The report concluded as follows:
"We are of the opinion that the pre-cooling charge of $30 per car is unreasonable, and that this charge should not exceed $7.50 per car, . . . but the defendants may, as a condition of making this charge, require that pre-cooled cars be loaded seven tiers wide and two tiers high, and may provide by their tariffs a proper minimum to accomplish this result, the amount of which would depend upon the length of the car."
20 I.C.C. 121, 123.
The carriers, in obedience to this order, put in a tariff of $7.50 for pre-cooling services, but at once filed another tariff, effective July, 1911, reciting that
"the privilege heretofore permitted to shippers of citrus fruit to pre-ice carload shipments is withdrawn, the carriers retaining and exercising the exclusive right and control of furnishing and doing all icing and refrigeration of citrus fruit in all cases where shipper does not specifically request or direct shipments to move solely under ventilation."
Immediately thereafter, the orange-growers associations filed proceedings to cancel this withdrawal tariff, and to compel the carriers to continue to extend to shippers the old privilege of pre-cooling at the new rate of $7.50. At the hearing, the evidence and report of the Commission in the former case were stipulated into the record, and, on April 8, 1912 (23 I.C.C. 267, 271), the Commission held that the shippers had the right to the pre-cooling
privilege, and again ruled that $7.50 was a reasonable charge for the services rendered by the carriers.
The railroad companies then filed a petition in the Commerce Court attacking the original order of January 14, 1911 (fixing $7.50 as a reasonable charge on pre-cooled shipments), and the last order of April 8, 1912 (requiring the roads to permit pre-cooled shipments at that sum), contending that shippers had no right to ice the bunkers. They also insisted that the $7.50 rate was confiscatory, and did not equal the $17.50, which the Commission itself had found to be the actual cost of services rendered in connection with pre-cooled shipments. The carriers thereupon prayed that both orders should be annulled and set aside.

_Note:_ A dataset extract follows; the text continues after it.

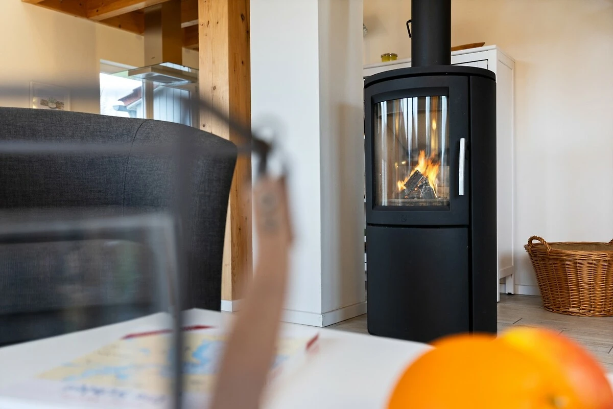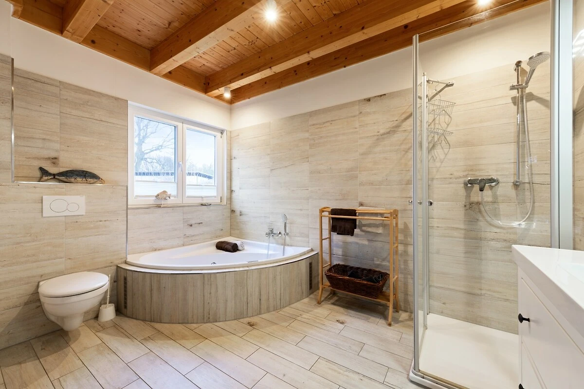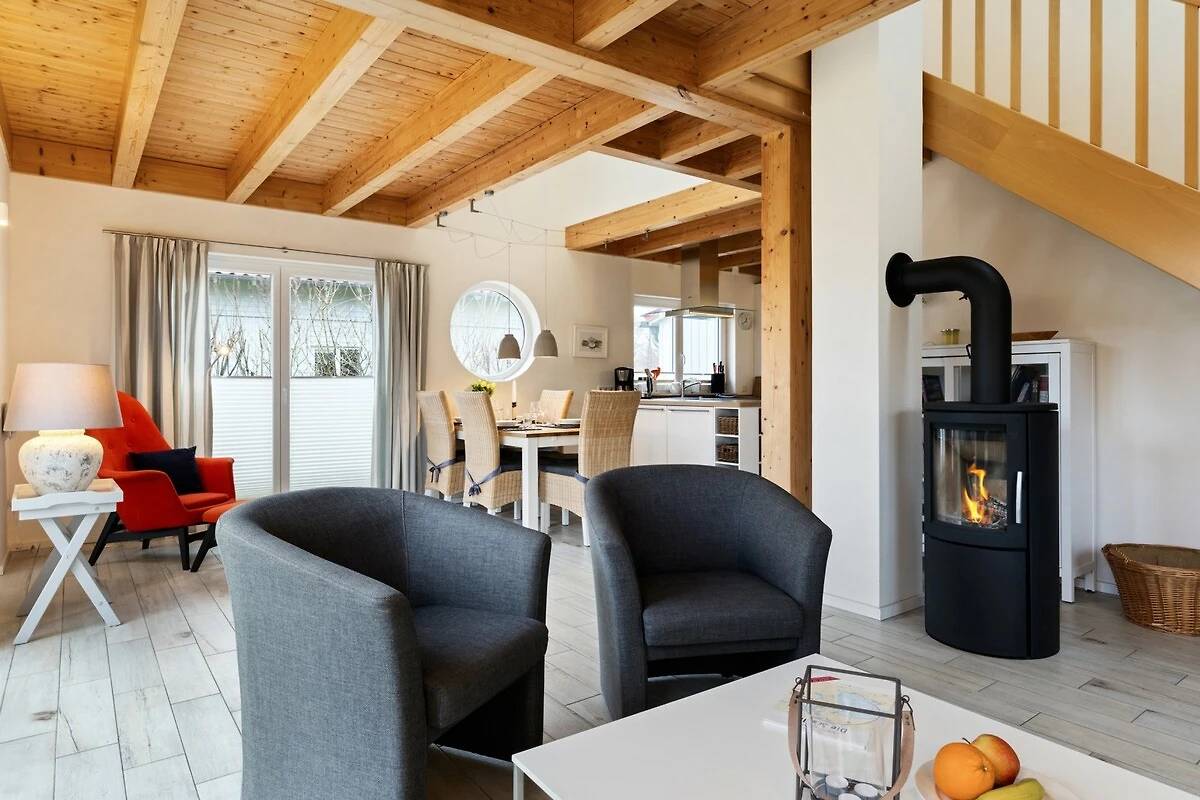 Auch in den kühleren Jahreszeiten finden Sie in diesem ganz aus Holz gebauten Ferienhaus heimelige Gemütlichkeit. Kaminofen, beheizte Bodenfliesen, eine geräumige Sauna (1,80 x 2,00 m) und eine grosse Badewanne mit Whirlfunktion sowie eine helle und hochwertige Einrichtung spielen hier perfekt zusammen.
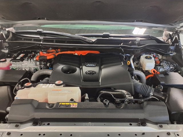 This vehicle comes equipped with: V6 Hybrid, 10-Speed Automatic, 4WD, 14 Speakers, 3.31 Axle Ratio, 3rd row seats: split-bench, 4-Wheel Disc Brakes, ABS brakes, Air Conditioning, Alloy wheels, AM/FM radio: SiriusXM, Anti-whiplash front head restraints, Apple CarPlay/Android Auto, Auto High-beam Headlights, Auto tilt-away steering wheel, Auto-dimming door mirrors, Auto-dimming Rear-View mirror, Automatic Power Extending Running Boards, Automatic temperature control, Brake assist, Bumpers: body-color, Compass, Delay-off headlights, Driver door bin, Driver vanity mirror, Dual front impact airbags, Dual front side impact airbags, Electronic Stability Control, Emergency communication system: Safety Connect (10-year trial), Exterior Parking Camera Rear, Front anti-roll bar, Front Bucket Seats, Front Center Armrest w/Storage, Front dual zone A/C, Front fog lights, Front reading lights, Front wheel independent suspension, Fully automatic headlights, Garage door transmitter: HomeLink, Genuine wood door panel insert, Head Up Display (HUD), Headlight cleaning, Heads-Up Display, Heated & Ventilated Front Seats, Heated door mirrors, Heated front seats, Heated Power Auto-Dimming Outside Mirrors, Heated rear seats, Heated steering wheel, Illuminated entry, Knee airbag, Leather Shift Knob, Leather steering wheel, Low tire pressure warning, Memory seat, Navigation system: Drive Connect (1 year trial) includes Cloud Navigation with real time traffic and Google POI, Occupant sensing airbag, Outside temperature display, Overhead airbag, Overhead console, Panic alarm, Passenger door bin, Passenger vanity mirror, Power door mirrors, Power driver seat, Power Liftgate, Power moonroof, Power passenger seat, Power steering, Power windows, Premium audio system: JBL, Radio: JBL Premium Audio System, Rain sensing wipers, Rear air conditioning, Rear reading lights, Rear seat center armrest, Rear window defroster, Rear window wiper, Reclining 3rd row seat, Remote keyless entry, Security system, Semi-Aniline Leather Seat Trim, Speed control, Speed-sensing steering, Split folding rear seat, Spoiler, Sport steering wheel, Steering wheel mounted audio controls, Tachometer, Telescoping steering wheel, Tilt steering wheel, Traction control, Trip computer, Turn signal indicator mirrors, Variably intermittent wipers, Ventilated front seats, Ventilated rear seats, Voltmeter, and Wheels: 20 Machined-Finish Black Alloy.

The Commerce Court (204 F. 647) adopted the finding of the Commission that in pre-cooled shipments the revenue was $54 greater than in the railroad's method of refrigeration, and concluded by saying that, in view of that fact, "we do not think that the petitioners have any valid complaint to make of the charge of $7.50 per car, established by the Commission." It further held that, under the facts appearing in the record, the shipper had the right to furnish the ice in pre-cooled shipments, and thereupon it dismissed the petition. The case was then brought here by appeal.